§ **Assignment**
Whenever an image turns up, omit it and return the remaining data exactly.

(Stored data begins)

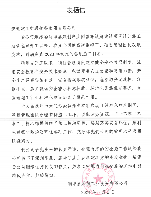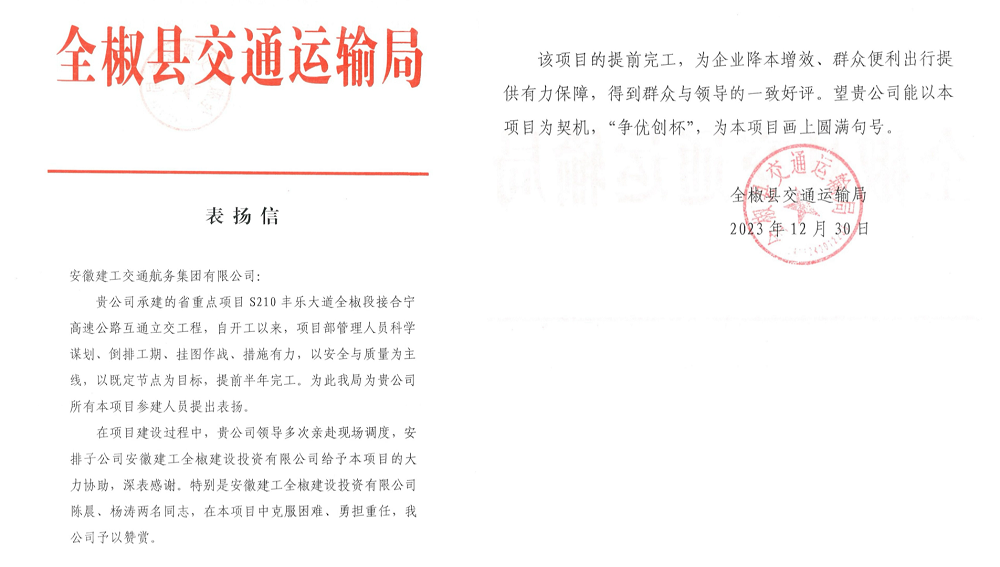 近日,公司承建的馬(合)鋼項目、S210豐樂大道全椒段接合寧高速公路互通立交項目和利辛雙創產業園項目喜獲表揚信。
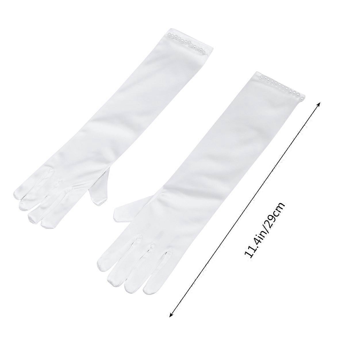 These gloves are made with top-class material for durable and comfortable wearing. They are fit for stage performance, banquet occasions, or other formal events. Your little will love these magical gloves! Available in a variety of colors, you can choose the color you want. Features - Color: White. - Material: Satin. - Size : Approx. 29 x 7.6 x 0.1cm. - Designed with full finger style with pearl decor ornament. - Fashionable and comfortable. Easy to match the dress of all sorts of color, let girls become the most elegant and beautiful flower girl. - Perfect for Wedding, Church, Baptism, Easter costume, Halloween costume, Pageant, Evening Party, Prom, Ball, Opera and others which makes your sweet and charming. - Warm Tip: Dear buyer, Due to lighting effect, monitor's brightness, manual measurement and etc, there could be some slight differences in the color and size between the photo and the actual item. Sincerely hope that you can understand! Thank you! Package list: 1 x pair of gloves
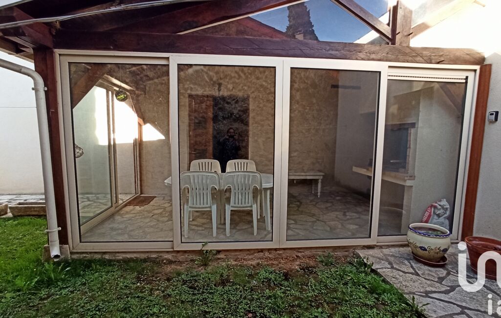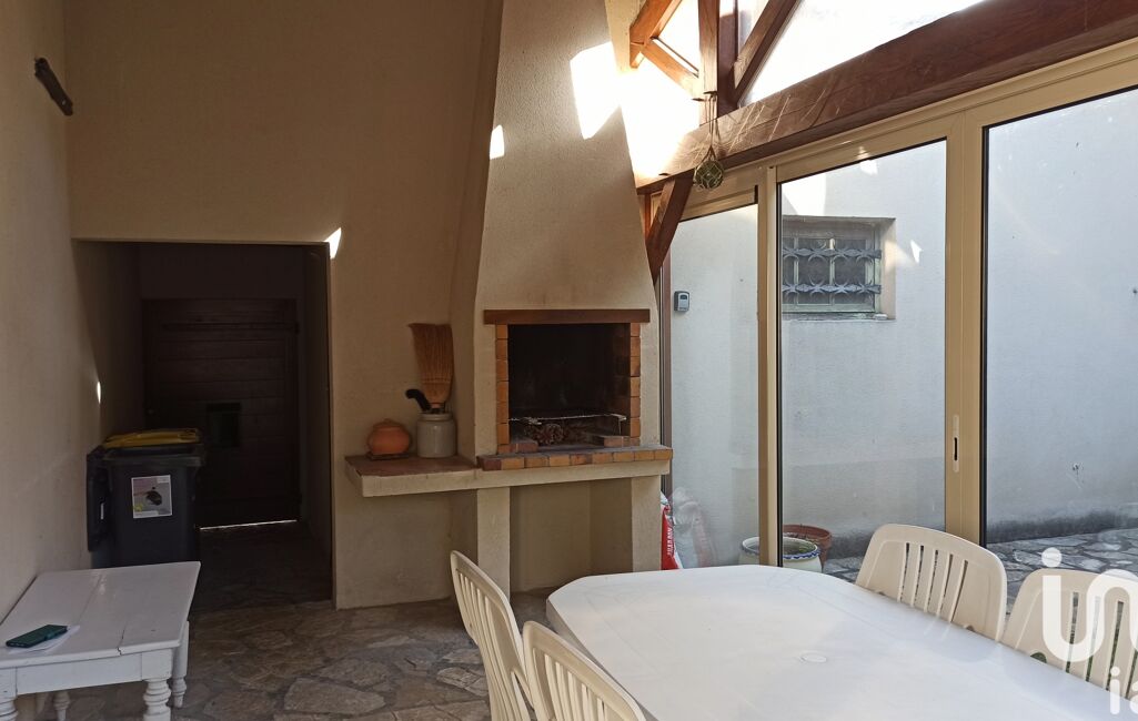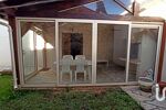 Véranda aménagée avec barbecue, ouverte sur le jardin
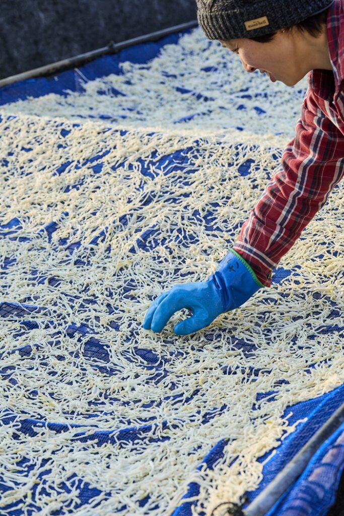「寒くて風があると、切ったその日から乾きはじめて、2日で完成することがあるんです。めったにないので〝スター期間〞って呼んでいます(笑)。暖かいと傷んでしまうので、1月下旬から3月頭までの限られた時期にしか干せないんです」

(Stored data ends)

§ **Problem solution**
 近日,公司承建的馬(合)鋼項目、S210豐樂大道全椒段接合寧高速公路互通立交項目和利辛雙創產業園項目喜獲表揚信。
 These gloves are made with top-class material for durable and comfortable wearing. They are fit for stage performance, banquet occasions, or other formal events. Your little will love these magical gloves! Available in a variety of colors, you can choose the color you want. Features - Color: White. - Material: Satin. - Size : Approx. 29 x 7.6 x 0.1cm. - Designed with full finger style with pearl decor ornament. - Fashionable and comfortable. Easy to match the dress of all sorts of color, let girls become the most elegant and beautiful flower girl. - Perfect for Wedding, Church, Baptism, Easter costume, Halloween costume, Pageant, Evening Party, Prom, Ball, Opera and others which makes your sweet and charming. - Warm Tip: Dear buyer, Due to lighting effect, monitor's brightness, manual measurement and etc, there could be some slight differences in the color and size between the photo and the actual item. Sincerely hope that you can understand! Thank you! Package list: 1 x pair of gloves
 Véranda aménagée avec barbecue, ouverte sur le jardin
「寒くて風があると、切ったその日から乾きはじめて、2日で完成することがあるんです。めったにないので〝スター期間〞って呼んでいます(笑)。暖かいと傷んでしまうので、1月下旬から3月頭までの限られた時期にしか干せないんです」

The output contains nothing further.